▼
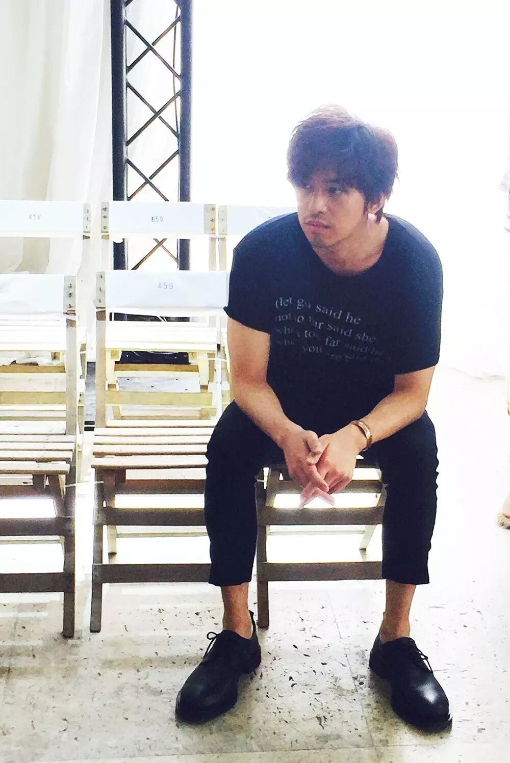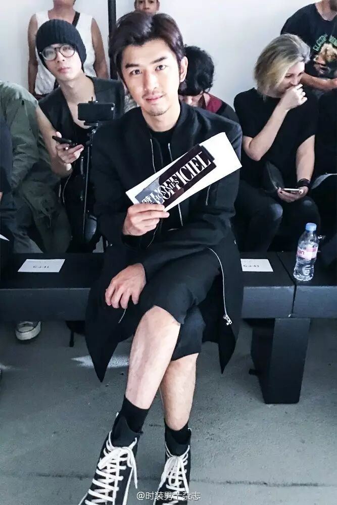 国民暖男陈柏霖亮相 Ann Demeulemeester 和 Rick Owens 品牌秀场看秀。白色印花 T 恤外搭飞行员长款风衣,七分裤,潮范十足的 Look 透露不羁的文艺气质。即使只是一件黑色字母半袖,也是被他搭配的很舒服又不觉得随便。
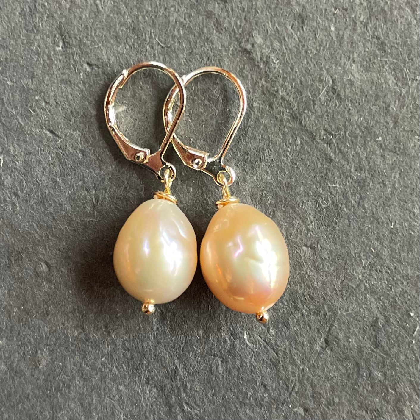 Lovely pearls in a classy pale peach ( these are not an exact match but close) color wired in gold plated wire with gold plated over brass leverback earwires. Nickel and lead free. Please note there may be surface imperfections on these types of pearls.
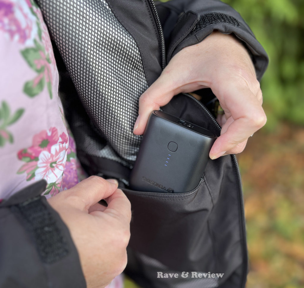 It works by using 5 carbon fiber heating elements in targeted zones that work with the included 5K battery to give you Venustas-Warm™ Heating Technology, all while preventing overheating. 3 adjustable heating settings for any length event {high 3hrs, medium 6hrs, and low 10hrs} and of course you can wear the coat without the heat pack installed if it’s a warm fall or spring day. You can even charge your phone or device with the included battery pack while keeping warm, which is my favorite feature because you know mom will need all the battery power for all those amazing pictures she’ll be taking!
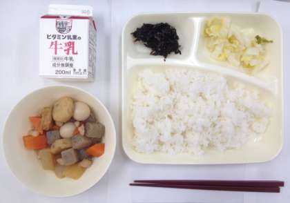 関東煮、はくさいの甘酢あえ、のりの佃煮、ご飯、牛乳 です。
▲
▼
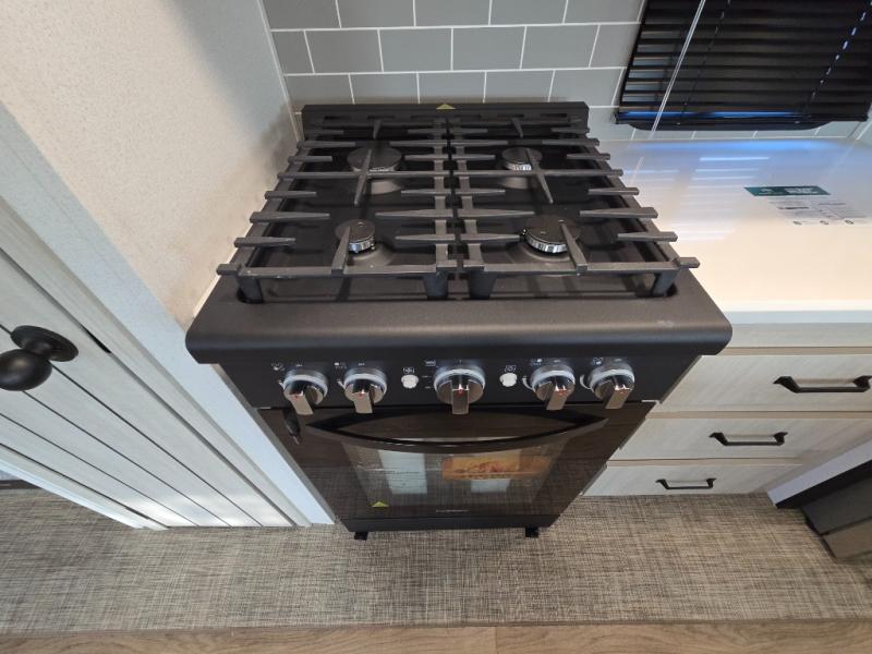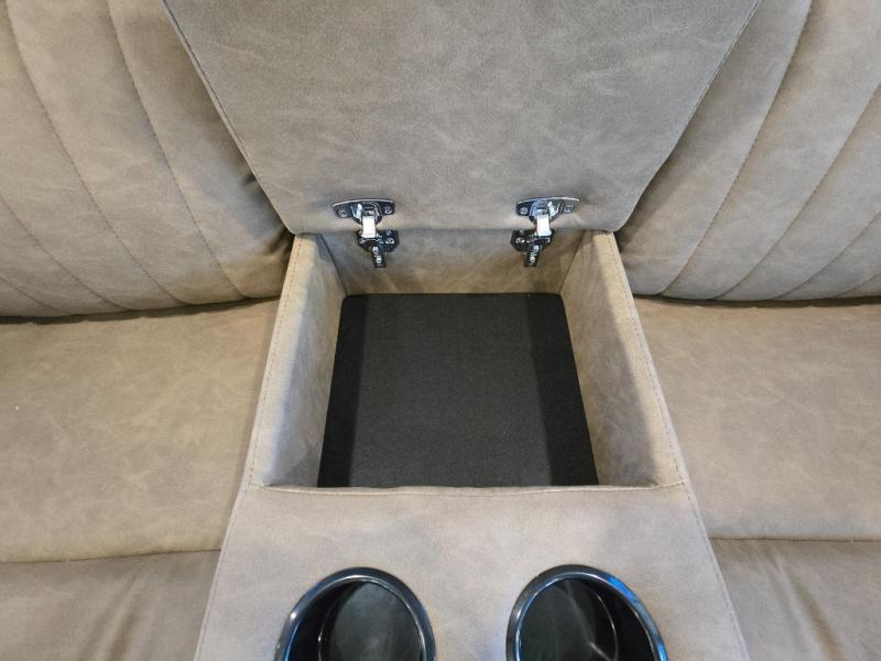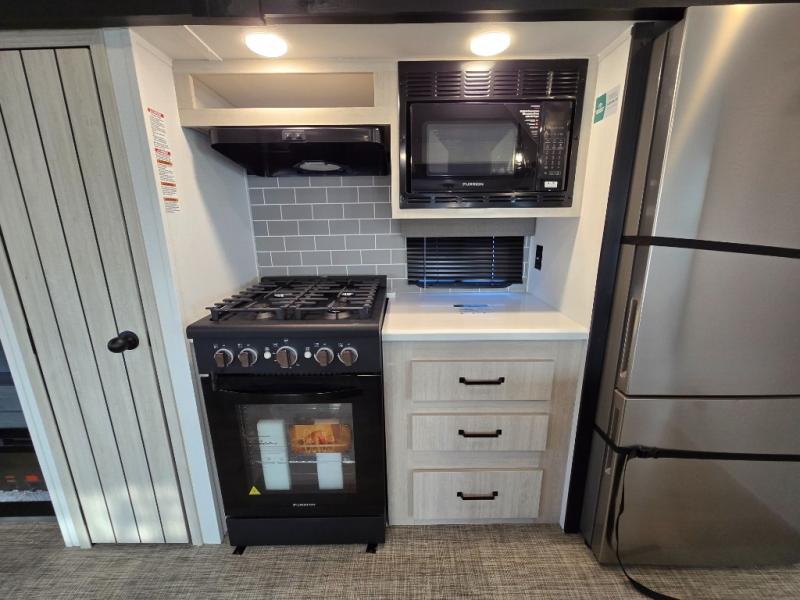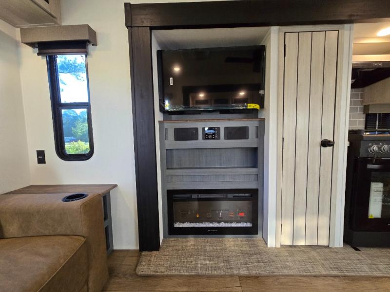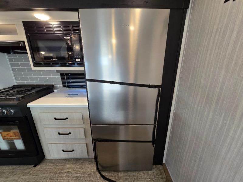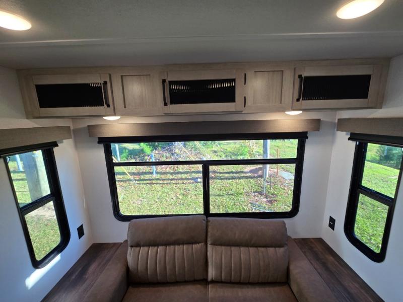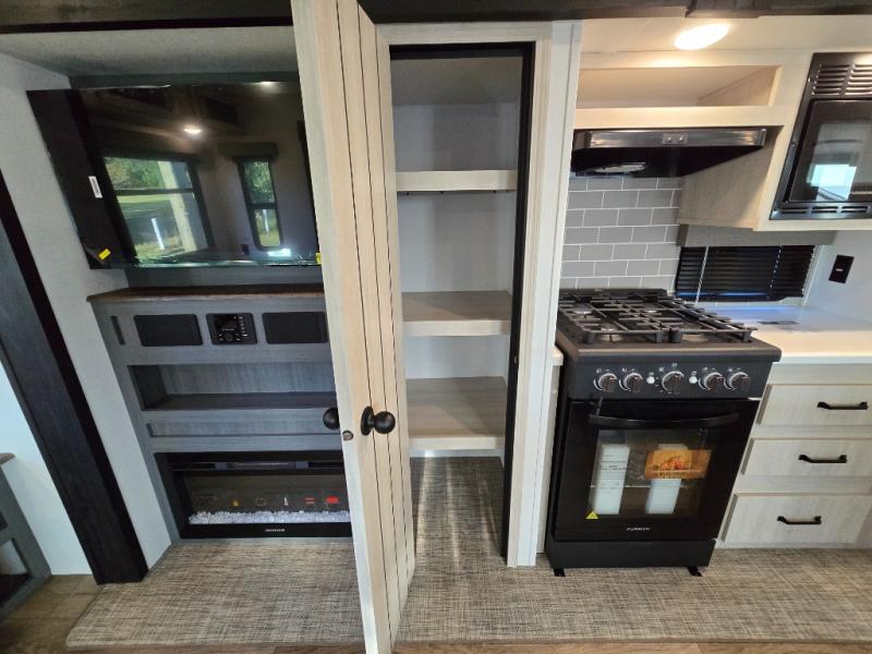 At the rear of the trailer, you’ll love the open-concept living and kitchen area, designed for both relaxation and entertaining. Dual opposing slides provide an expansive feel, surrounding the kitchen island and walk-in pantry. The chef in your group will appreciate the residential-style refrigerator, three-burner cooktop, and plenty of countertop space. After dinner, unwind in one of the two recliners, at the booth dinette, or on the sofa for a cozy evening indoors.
▲
▼
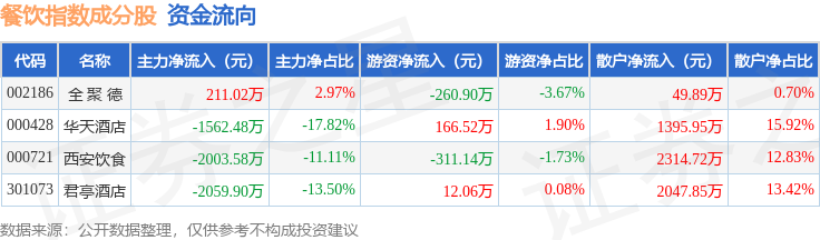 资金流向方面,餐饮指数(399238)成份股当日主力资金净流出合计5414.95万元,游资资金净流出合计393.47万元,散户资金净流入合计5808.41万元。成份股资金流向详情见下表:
▲
> TASK GOAL: Keep to the lines above from the line with "国民暖男陈柏霖亮相 Ann Demeulemeester" to the line with "関東煮、はくさいの甘酢あえ、のりの佃煮、ご飯、牛乳 です。", and set down exactly those, inclusive, with nothing else and every picture left out.

> REPLY:
 国民暖男陈柏霖亮相 Ann Demeulemeester 和 Rick Owens 品牌秀场看秀。白色印花 T 恤外搭飞行员长款风衣,七分裤,潮范十足的 Look 透露不羁的文艺气质。即使只是一件黑色字母半袖,也是被他搭配的很舒服又不觉得随便。
 Lovely pearls in a classy pale peach ( these are not an exact match but close) color wired in gold plated wire with gold plated over brass leverback earwires. Nickel and lead free. Please note there may be surface imperfections on these types of pearls.
 It works by using 5 carbon fiber heating elements in targeted zones that work with the included 5K battery to give you Venustas-Warm™ Heating Technology, all while preventing overheating. 3 adjustable heating settings for any length event {high 3hrs, medium 6hrs, and low 10hrs} and of course you can wear the coat without the heat pack installed if it’s a warm fall or spring day. You can even charge your phone or device with the included battery pack while keeping warm, which is my favorite feature because you know mom will need all the battery power for all those amazing pictures she’ll be taking!
 関東煮、はくさいの甘酢あえ、のりの佃煮、ご飯、牛乳 です。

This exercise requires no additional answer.